I dunno why I didn’t run from them both except for the times I could see Isa’s smile. I boiled up the billy and we had some tea and roady made from weedseed flour, water and honeybee nectar. Smoov smoked up like he always did and off we roaded, this time with nothing following behind but empty space and Smoov got stoned and brooded on the pendant that was stolen and I wondered if it was Crow that had been the follower and that rifled the gear and stole the pendant, like Isa said. And in the sky a flapple rode the air moving off the salt pan now the sun was up. The blasted landscape all around was so lonely and wrecked but still sometimes I had to stop myself from getting caught up in it. One minute you cursed its white emptyness and then the next you rounded a corner and saw a new view of wonder and beauty.

We made it through that next long day, Isa weaker and sick still, like she had seen a ghost. Maybe that’s what passed us in the night, I don’t know, or maybe it was just being snakebit, but I thought I saw a glimpse of Smoov’s pendant when she moved her hand from pocket to pack. I kept me mouth shut and put one foot in front of the next all the way to Hind Pass, about twelve clicks south and then we could see the shape of its tin walls in the red desert and it was a happy sight.

Chapter 5

We hit Hind Pass shanty town with the show gear all stashed. Isa weak still but she flashed me a smile, friendly face in the frowns and tears of the road. Smoov was grim of look, he was starting to get right for fixing on the Wotcher and the trancemission he would channel. He was roadwise and able, always thinking on the next move, but it was up to me to scan the faces to see how things were going to go down in the camp. The folks were gathering for the show, getting ready to hear what they could take from Smoov’s pictures and the messages he brought down from the Wotcher. They saw the show as a way of coming together and trying to understand how the pieces all fit. And Smoov sold them on the idea that one day if they listened hard enough and gathered enough connections through the patterns of the Wotcher’s signal there’d be a message that would shine down and put back the system from the past time.

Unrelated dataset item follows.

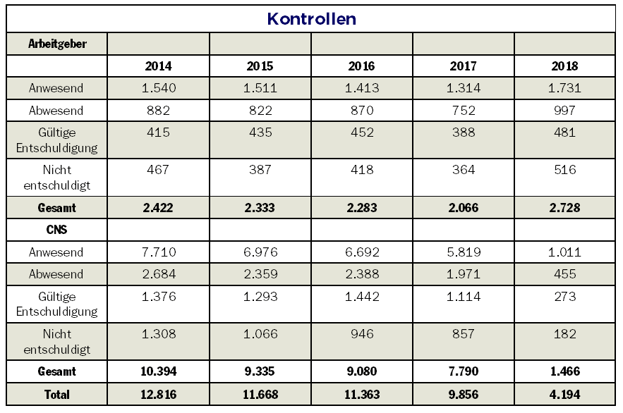 768.799 Arbeitsunfähigkeitsbescheingungen (Krankmeldungen) gingen 2018 bei der Gesundheitskasse ein; es sind dies auffallend mehr als 2017, als 664.967 solcher Scheine eingingen. Die 16 Agenturen der CNS haben 251.404 Schecks ausgestellt, was einer Zunahme von 6,6 Prozent im Verhältnis zu 2017 entspricht. Die rund 4.960.000 rückvergüteten Rechnungen an die Versicherten bedeuten eine Zunahme von 230.000 im Vergleich zu 2017.

Kids ran past the show cart shouting, ‘Show, show, show,’ and Smoov still with that steely look in his eyes. One kid ran alongside us hitting a old tyre with a stick. The sun set through the ash in the air. It was a smaller following than I thought we would get. We’d been there before, it’s on the show circuit from camp to camp through the desert backroads. Dogs were lying on the ground and chooks clucking and pecking and the air rasped me throat with dust and town smell.

The kids following us along besides the cart scratched at the tarp and tried to see what was under the covers. Smoov smacked their hands away. One kid looked at Smoov, dirty face tangle of hair.

‘Is the Wotcher gunna come down and save us against the brumbies?’ the kid said.

‘Wotcher don’t come,’ Smoov said. ‘Wotcher passes by high in the sky.’

‘But the horse head prophet said—’

‘Wotcher don’t make no innerference. It just tells its messages and the showmans interprets them so you know how to live. Maybe there’ll be a message from the Wotcher in the show for you tonight.’

We roaded in on a track lined with shacks. Women sat on mats woven from plastic mined from the wreckage of the past and what came after. Blokes were smashed off their face on cactusflower grog brewed in plastic bags buried in the ground. Kids running around everywhere, and everywhere I looked I saw the faces of the starving and the empty. Smell of sour sweat and cookfire smoke, drying rabbit skins, chillies on strings. Smell of blood and guts fresh from butcher knives, smell of sewer and rotted garbage, smell of meaty smokehouse. Smell of diesel jenny, smell of newmade molecules from truckjuice alkaloid synthfac.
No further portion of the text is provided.